DIRECTIONS. Transcribe, word for word, only the lines from the one containing "[12037680]【暑期末" through the end of the material below. Pictures stay out.

SUPPLIED INFORMATION.
§

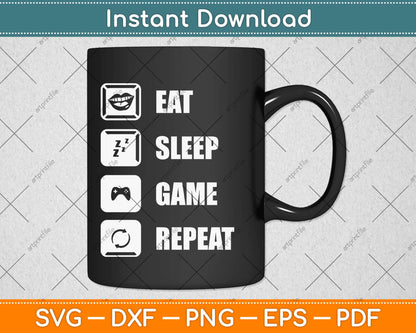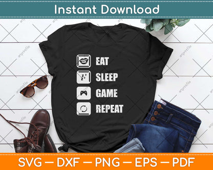 This cut file includes Eat Sleep Game Repeat SVG DXF PNG Design digital Cutting files.
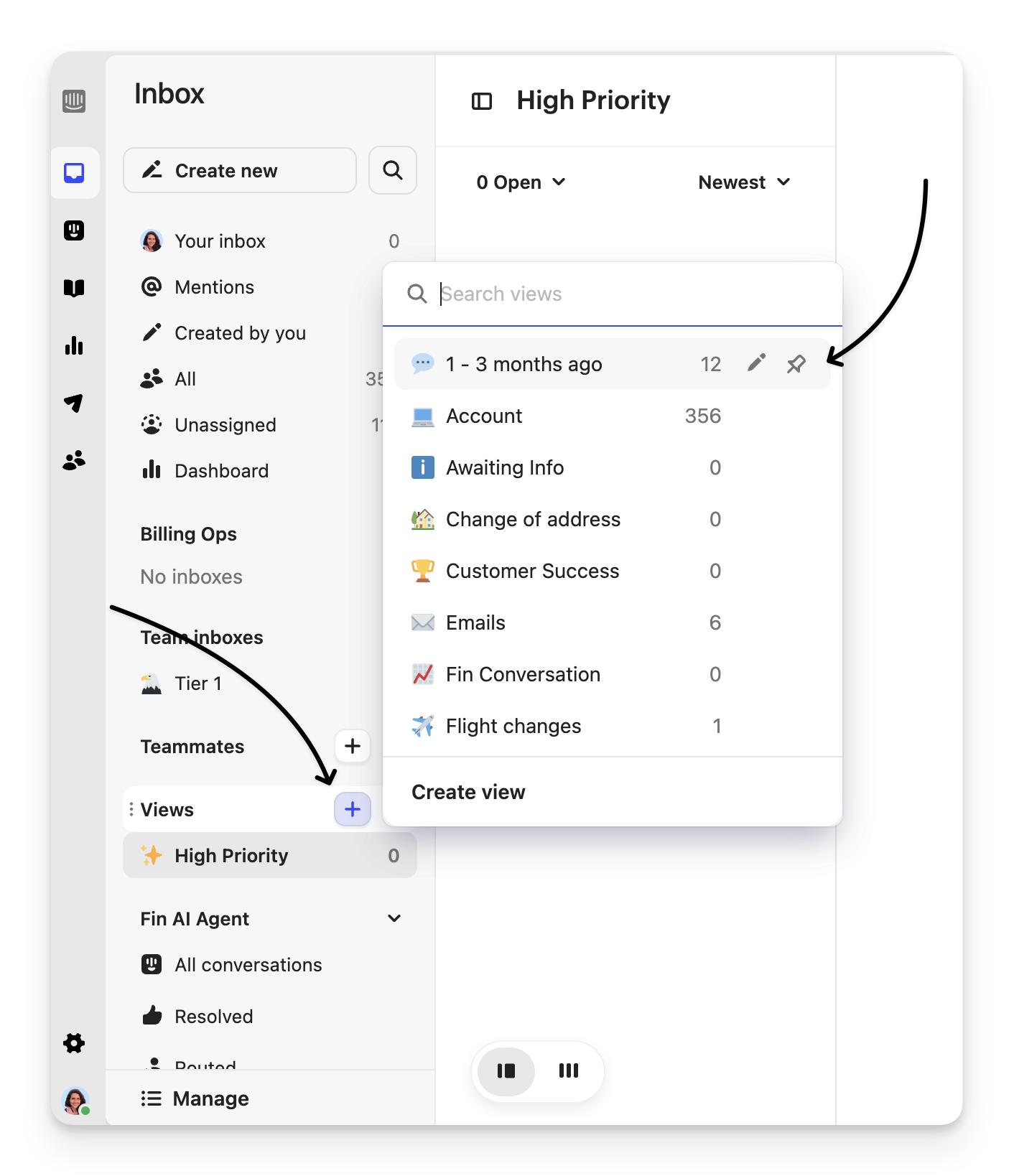 Inbox custom views allow you to define a set of filters, including conversation attributes, and then show all conversations that match those filters in real time. Quickly switch between views and keep an eye on urgent issues, your direct reports, or whichever conversations you consider most important.
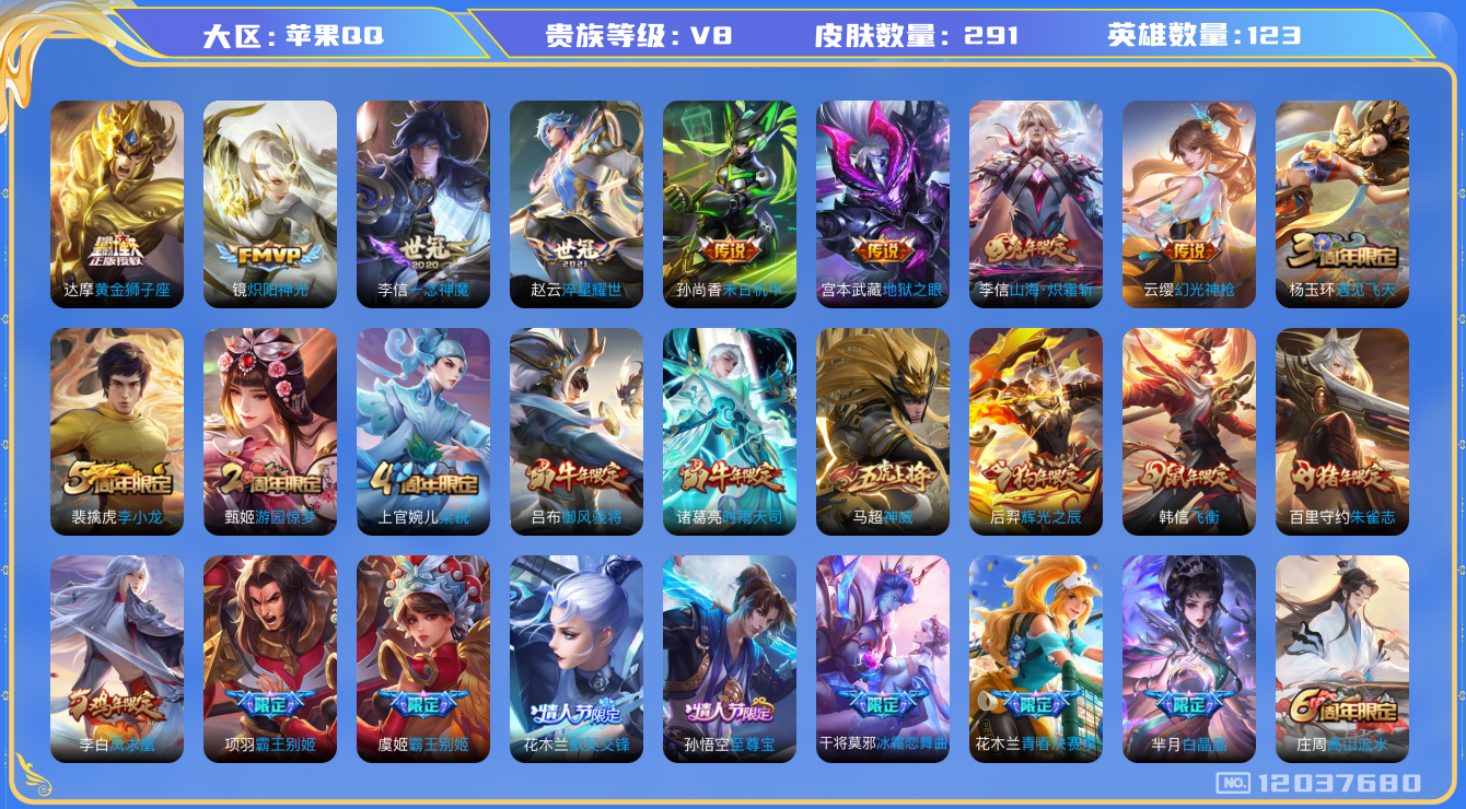 [12037680]【暑期末清货/特价急出/永久包赔】:苹果Q-V8-永恒钻石IV段位-123英雄-291皮肤-15传说-90史诗
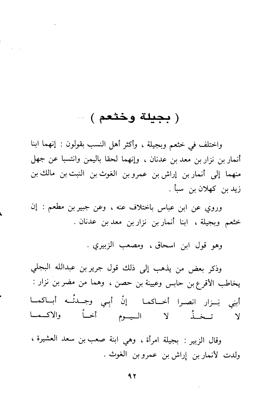 وَرُوِيَ عَن ابْن عَبَّاس باخْتلَاف عَنهُ وَعَن جُبَير بن مطعم إِن خثعم وبجيلة ابْنا أَنْمَار بن نزار بن معد بن عدنان

§

RESULT BELOW.
 [12037680]【暑期末清货/特价急出/永久包赔】:苹果Q-V8-永恒钻石IV段位-123英雄-291皮肤-15传说-90史诗
 وَرُوِيَ عَن ابْن عَبَّاس باخْتلَاف عَنهُ وَعَن جُبَير بن مطعم إِن خثعم وبجيلة ابْنا أَنْمَار بن نزار بن معد بن عدنان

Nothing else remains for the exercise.